(Records provided Opens)

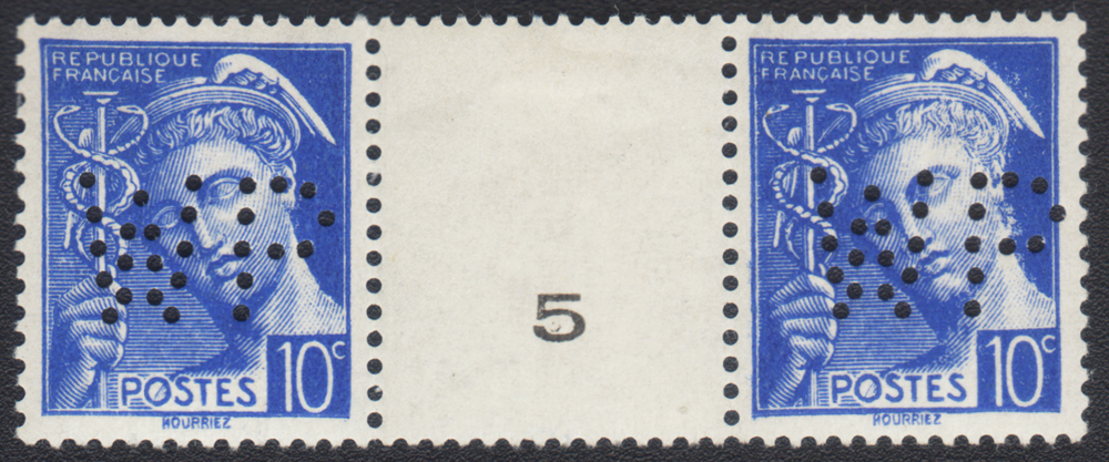 1940 Armia Polska we Francji, parka rozdzielonych miedzypolem czystych znaczków za 10 c. z dziurkowaniem WP - Wojsko Polskie; podczas kampanii 1940 roku nie powstały żadne specjalne polskie znaki czy stemple pocztowe, znane są jedynie zwykłe francuskie znaczki obiegowe z dziurkowaniem WP, naklejane na listy kierowane do obrotu pocztowego na takich samych zasadach jak wojskowych francuskich; rzadkie bo zwykła korespondencja oznaczona stemplami formacyjnymi z zaznaczonym skrótem F.M. (Franchise Militaire) była zwolniona od opłaty pocztowej, na międzypolu lekki ślad po podlepce.
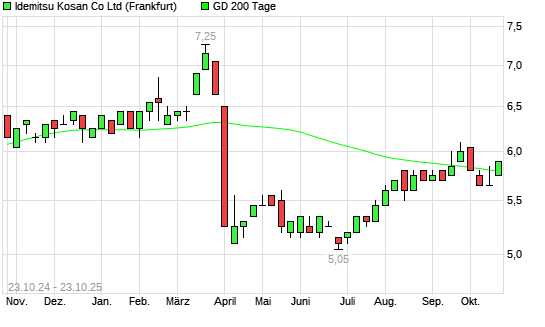Mit dem Anstieg auf 5,80 EUR hat die Idemitsu Kosan-Aktie am 22.10.2025 die 200-Tage-Linie nach oben gekreuzt.
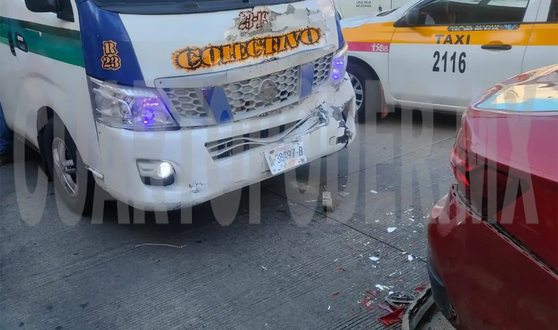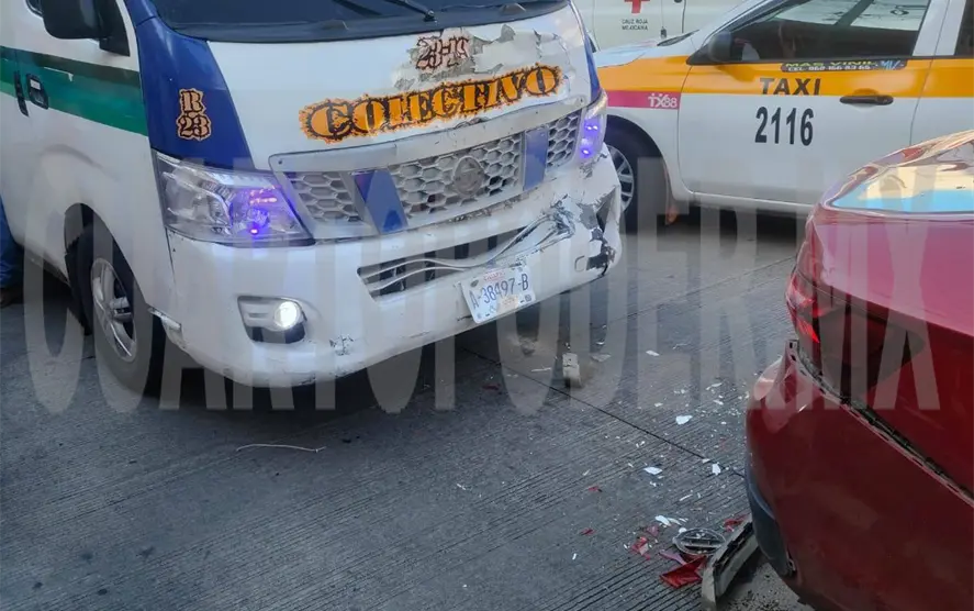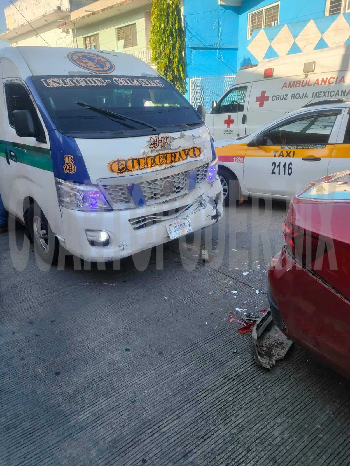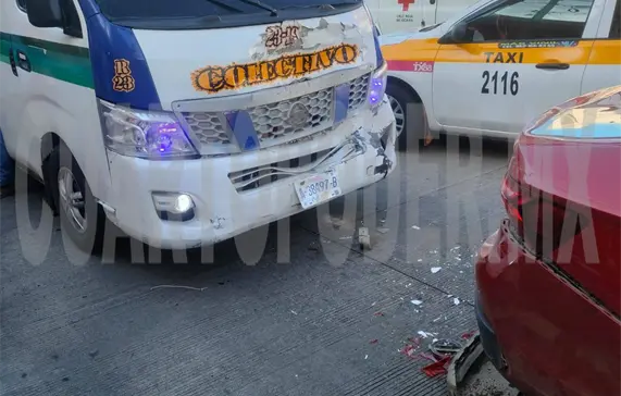 Durante la mañana del martes sucedió un aparatoso accidente vial en pleno centro de Tapachula, luego de que una unidad del transporte público en modalidad de colectivo se viera involucrada en un choque múltiple que dejó como saldo una persona lesionada y cuantiosos daños materiales.
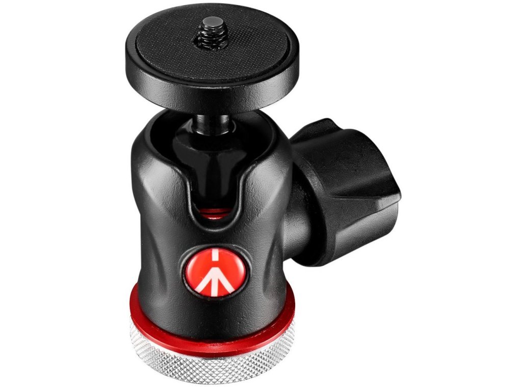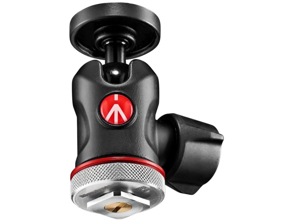 Mini guľová hlava s montážou do sánok blesku na fotoaparáte, vyrobená z hliníka, iba s jedným otočným gombíkom na utiahnutie pozície. Umožňuje fotenie na výšku vďaka žliabku v uložení gule, do ktorej presne zapadne stĺpik pod uhlom 90°. Cez veľmi malé rozmery má úctyhodnú nosnosť 4 kg.
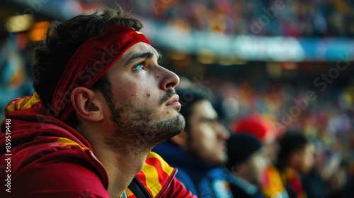 A dejected football fan watches the Spanish national team play live at a stadium.
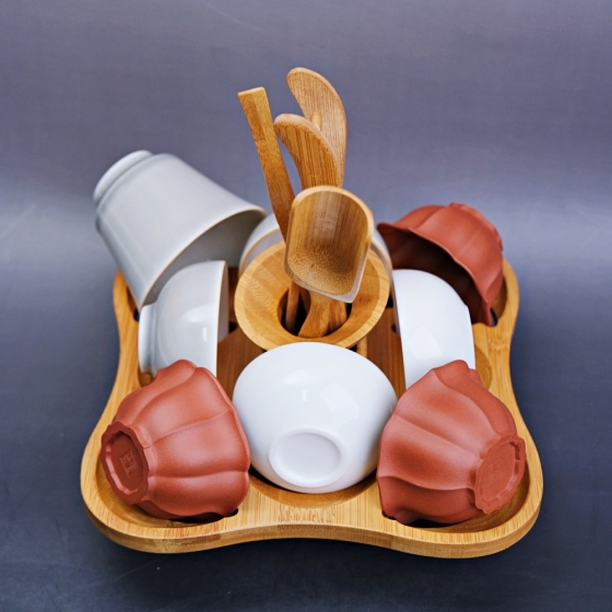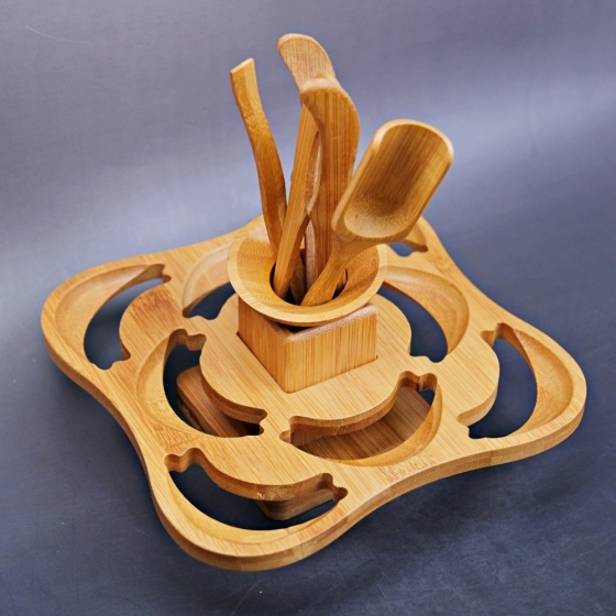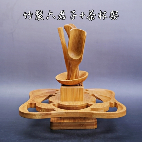 竹製旋轉杯架 六君子茶杯展示架 茶杯收納架 六君子收納架
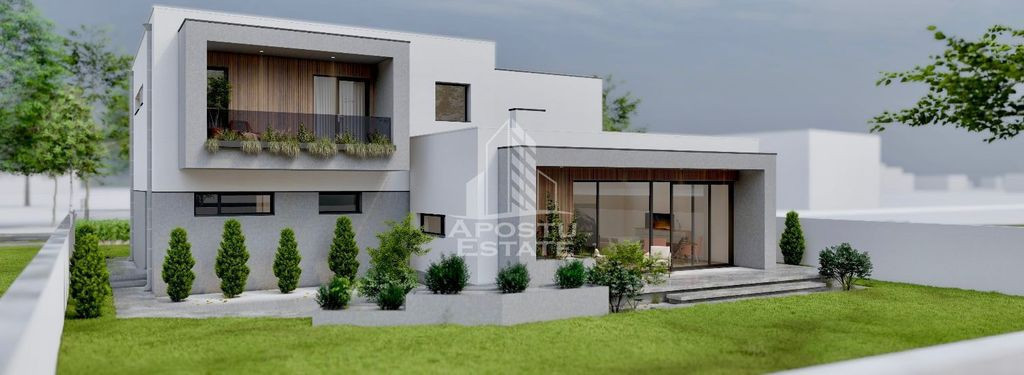 APOSTU ESTATE va propune spre vanzare o casa de lux, cu 7 camere, 4 bai, in Dumbravita. Aceasta proprietate ofera un design modern si finisaje premium, avand o suprafata utila de 340 m² si 705mp de teren. Livingul spatios, bucataria complet mobilata si utilata, si dormitoarele fiecare cu bai private si dressing garanteaza confortul suprem. Curtea din spate poate include la cerere o piscina si o terasa ideala pentru divertisment. Aceasta casa exclusivista se remarca printr-o constructie impecabila, cu materiale de cea mai inalta calitate si electrocasnicele de ultima generatie. Fiecare detaliu a fost ales cu atentie pentru a asigura nu doar un aspect estetic deosebit, ci si un nivel ridicat de durabilitate si performanta. Eficienta energetica si tehnologiile moderne integrate in sistemele de incalzire si climatizare garanteaza confortul maxim pe tot parcursul anului. Rezumat compartimentare casa: >Parter: -hol de access - camera dressing - camera tehnica - birou - living - zona de dining cu iesire in curtea din spate - bucatarie deschisa > Etaj: - 2 dormitoare cu camera de dressing si baie proprie - 1 dormitor matrimonial cu camera deressing, baie proprie si terasa Vecinatati: - La gradina Ritei - Kinderville Dumbravita - Casa Bunicii - WorldClass Oferim consultanta si solutii financiare prin colaboratorii nostri. Va invitam cu drag la o vizionare! ID intern: CP2538643

(Records provided Closes)

* _About this task_
The copy should hold every entry above word for word and none of the pictures.

* _Finished exercise_
 1940 Armia Polska we Francji, parka rozdzielonych miedzypolem czystych znaczków za 10 c. z dziurkowaniem WP - Wojsko Polskie; podczas kampanii 1940 roku nie powstały żadne specjalne polskie znaki czy stemple pocztowe, znane są jedynie zwykłe francuskie znaczki obiegowe z dziurkowaniem WP, naklejane na listy kierowane do obrotu pocztowego na takich samych zasadach jak wojskowych francuskich; rzadkie bo zwykła korespondencja oznaczona stemplami formacyjnymi z zaznaczonym skrótem F.M. (Franchise Militaire) była zwolniona od opłaty pocztowej, na międzypolu lekki ślad po podlepce.
Mit dem Anstieg auf 5,80 EUR hat die Idemitsu Kosan-Aktie am 22.10.2025 die 200-Tage-Linie nach oben gekreuzt.
 Durante la mañana del martes sucedió un aparatoso accidente vial en pleno centro de Tapachula, luego de que una unidad del transporte público en modalidad de colectivo se viera involucrada en un choque múltiple que dejó como saldo una persona lesionada y cuantiosos daños materiales.
 Mini guľová hlava s montážou do sánok blesku na fotoaparáte, vyrobená z hliníka, iba s jedným otočným gombíkom na utiahnutie pozície. Umožňuje fotenie na výšku vďaka žliabku v uložení gule, do ktorej presne zapadne stĺpik pod uhlom 90°. Cez veľmi malé rozmery má úctyhodnú nosnosť 4 kg.
 A dejected football fan watches the Spanish national team play live at a stadium.
 竹製旋轉杯架 六君子茶杯展示架 茶杯收納架 六君子收納架
 APOSTU ESTATE va propune spre vanzare o casa de lux, cu 7 camere, 4 bai, in Dumbravita. Aceasta proprietate ofera un design modern si finisaje premium, avand o suprafata utila de 340 m² si 705mp de teren. Livingul spatios, bucataria complet mobilata si utilata, si dormitoarele fiecare cu bai private si dressing garanteaza confortul suprem. Curtea din spate poate include la cerere o piscina si o terasa ideala pentru divertisment. Aceasta casa exclusivista se remarca printr-o constructie impecabila, cu materiale de cea mai inalta calitate si electrocasnicele de ultima generatie. Fiecare detaliu a fost ales cu atentie pentru a asigura nu doar un aspect estetic deosebit, ci si un nivel ridicat de durabilitate si performanta. Eficienta energetica si tehnologiile moderne integrate in sistemele de incalzire si climatizare garanteaza confortul maxim pe tot parcursul anului. Rezumat compartimentare casa: >Parter: -hol de access - camera dressing - camera tehnica - birou - living - zona de dining cu iesire in curtea din spate - bucatarie deschisa > Etaj: - 2 dormitoare cu camera de dressing si baie proprie - 1 dormitor matrimonial cu camera deressing, baie proprie si terasa Vecinatati: - La gradina Ritei - Kinderville Dumbravita - Casa Bunicii - WorldClass Oferim consultanta si solutii financiare prin colaboratorii nostri. Va invitam cu drag la o vizionare! ID intern: CP2538643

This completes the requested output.